В гостинице по соседству разбирала вещи фигуристая землячка; взял на заметку. Но!

Выйдя на первую же прогулку, я разминулся с двумя, едва ли средних лет, дамочками. Мое внимание остановил их простоватый волжский говорок, то есть, на «о» и – слово не до конца. Оглянулся, как в песне, «чтобы посмотреть, не оглянулась ли она». Ею оказалась поджарая брюнетка с развевающимися волосами и мягкими чертами лица. В первом же взгляде я прочел то, что она, видимо, прочла в моих глазах. Будучи робкого десятка и на вторых ролях в семье, да и в своей конторе, я вдруг почувствовал, что в курортной зоне можно слегка распоясаться. Ни чем ведь не рискуешь. И, сделав шаловливый вираж, пристроился к дамочкам.

– Двое это собеседники, а трое – уже компания, – полоснул я чужой остротой.

Представился: Денис. Та, оглянувшаяся, назвала себя – Сима. Да так обещающе, что имени второй я уже не уловил. Впрочем, другую молодайку я больше не встречал.

Четверть века спустя, за полночь, давно бросив курить и ленясь выйти на балкон охладить голову, я в деталях проживал наши горячие, словно придуманные режиссером и в деталях затверженные мною свидания.

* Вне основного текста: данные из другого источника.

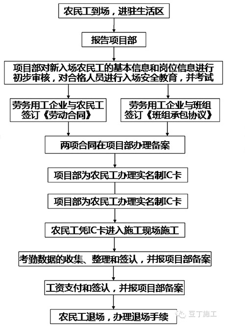 一、公司成立勞務(wù)管理中心,加強(qiáng)各相關(guān)職能部門的監(jiān)督與協(xié)作;分公司參照公司勞務(wù)管理中心機(jī)構(gòu)和人員配置,必須成立分公司勞務(wù)管理中心,并配備勞務(wù)中心主任和相應(yīng)的管理人員。主任:公司分管勞務(wù)領(lǐng)導(dǎo) 組員:公司經(jīng)濟(jì)管理部、財(cái)務(wù)部、安全管理部、質(zhì)量技術(shù)部、法律事務(wù)部、政工部等部門負(fù)責(zé)人,公司勞務(wù)管理員、分公司勞務(wù)管理中心主任,各項(xiàng)目部。 項(xiàng)目部勞務(wù)管理機(jī)構(gòu)項(xiàng)目經(jīng)理部必須成立勞務(wù)管理領(lǐng)導(dǎo)小組,項(xiàng)目部勞務(wù)管理領(lǐng)導(dǎo)小組主要人員設(shè)置及要求如下:1、項(xiàng)目經(jīng)理為項(xiàng)目勞務(wù)管理工作的第一責(zé)任人。2、項(xiàng)目部必須設(shè)置一名副職以上人員作為勞務(wù)管理工作的第二責(zé)任人,其專職或兼職主管勞務(wù)日常管理工作。3、項(xiàng)目部使用勞務(wù)分包企業(yè)人員500人以上,必須設(shè)置專職勞務(wù)管理員1-4名;500人以下100人以上,必須設(shè)置至少1名專職勞務(wù)管理員;100人以下必須設(shè)置兼職勞務(wù)管理人員。 勞務(wù)管理員的薪酬不低于項(xiàng)目責(zé)任工程師的薪酬標(biāo)準(zhǔn)。4、項(xiàng)目勞務(wù)管理不只是勞務(wù)管理員的職責(zé),項(xiàng)目部相關(guān)部門必須直接參與勞務(wù)日常管理工作;各項(xiàng)目部根據(jù)項(xiàng)目實(shí)際情況,編制《項(xiàng)目勞務(wù)管理方案》,根據(jù)各項(xiàng)任務(wù)分解,方案中必須明確勞務(wù)管理領(lǐng)導(dǎo)小組成員和崗位職責(zé),以及應(yīng)急預(yù)案。5、勞務(wù)分包合同中須明確約定現(xiàn)場(chǎng)各分包隊(duì)伍必須設(shè)置一名以上專職勞務(wù)管理員。一、做好農(nóng)民工進(jìn)場(chǎng)施工前的各項(xiàng)手續(xù)1、如何做到勞務(wù)分包隊(duì)伍自覺向項(xiàng)目部申報(bào)施工人員進(jìn)場(chǎng)情況的關(guān)鍵是:現(xiàn)場(chǎng)封閉管理——沒有按規(guī)定辦理手續(xù)堅(jiān)決不能進(jìn)入施工現(xiàn)場(chǎng)。2、七天內(nèi)辦理好以下相關(guān)手續(xù),考慮到現(xiàn)場(chǎng)施工和減少作業(yè)人員等待時(shí)間的需要,可以優(yōu)先上報(bào)花名冊(cè)和辦理IC卡,但其他手續(xù)辦理完成以7天為管理底線。3、《勞動(dòng)合同》是國(guó)家《勞動(dòng)合同法》明文規(guī)定要簽訂的,但建筑行業(yè)農(nóng)民工群體執(zhí)行普遍不好,但涉及到勞務(wù)糾紛時(shí),政府是依照《勞動(dòng)合同》辦理。《班組承包協(xié)議》不同于集體合同,是民間行為,目前階段以及政府為了維穩(wěn),該協(xié)議是不受法律保護(hù)的,但大部分老板與作業(yè)人員在建立相互信任、協(xié)商的基礎(chǔ)上,基本上都是按照班組承包協(xié)議辦理結(jié)算。4、安全入場(chǎng)教育及考試等也是《勞動(dòng)合同法》中要求施工企業(yè)做到的 。

Захожу в номер Симы – в глаза бросается не ее короткий сарафан и ровные плечики над ним, не ловко подкрашенные реснички и губки, а сваленные кучей на кровати странные мечи: кривые в разные стороны и прямые, короткие, как у древних римлян, и средней длинны, как у поляков времен блеска их короны. Десять, пятнадцать – не сосчитать. Я даже опешил: к чему бы у отдыхающей столько оружия? Женщина уловила мои частые мигания и порыв в сторону двери, хихикнула:

– Это хирургические… для разделки трупов.
– Вы медик?
– Бухгалтер.

Я знаю нашу жизнь, соображаю: женщина служит на заводе-изготовителе этих страшных инструментов и прихватила дюжину образцов, чтобы реализовать для пополнения расходов на курорте.

– Хочешь, подарю?

Я уловил главное: она перешла «на ты», и только после паузы кивнул:

– Для самообороны… можно.

Еще ярче выступила Сима на прогулке, в парке. Мы выпили по фужеру «Абрао-дюрсо», потанцевали под голосок Сенчиной: «Я пригласить хочу на танец»… распарились, выскочили за танцплощадку. За аллейку, в глупую тень. Я прижал ее, как бы продолжая танец. И тут по телу женщины пошла волна, она опустила руку мне между ног и тыльной стороной ладони застучала, забила, словно лютым кулаком, по змейке. Я возбудился, спросил:

– Пойдем к тебе?
– Да хоть к черту на рога!..

Были пляжные дни. Моя партнерша меняла бикини после каждого заплыва. Были танцы каждый вечер – на ней всегда небогатый, но новый наряд, легкий, полуоткрытый, зовущий. В полусвете она смотрелась школьницей, под фонарем ее предавала чуть-чуть растянутая кожа на шее и натруженные руки. Я проницательный, спросил:

– У тебя большая семья?
– Две девочки, муж, навещаю свекровь. Достается рученькам.

Дня четыре спустя голова ее совсем закружилась, порывалась доказать, как я ей подхожу, как я ей дорог. Демонстративно брала меня за руку еще на пороге гостиницы, говорила:

– Двадцать четыре дня мои, вмещу в них всю свою жизнь.

Изобрела способ вызывающе, аффективно проявить чувство ко мне:

– У меня сегодня переговоры с мужем. Я хочу, чтобы ты стоял рядом.
– Он не военный, не застрелит меня?
– Инструктор, обкомовская вошь.
– Зачем ты так? Тебе с ним жить.
– После этих двадцати четырех дней, мне по барабану.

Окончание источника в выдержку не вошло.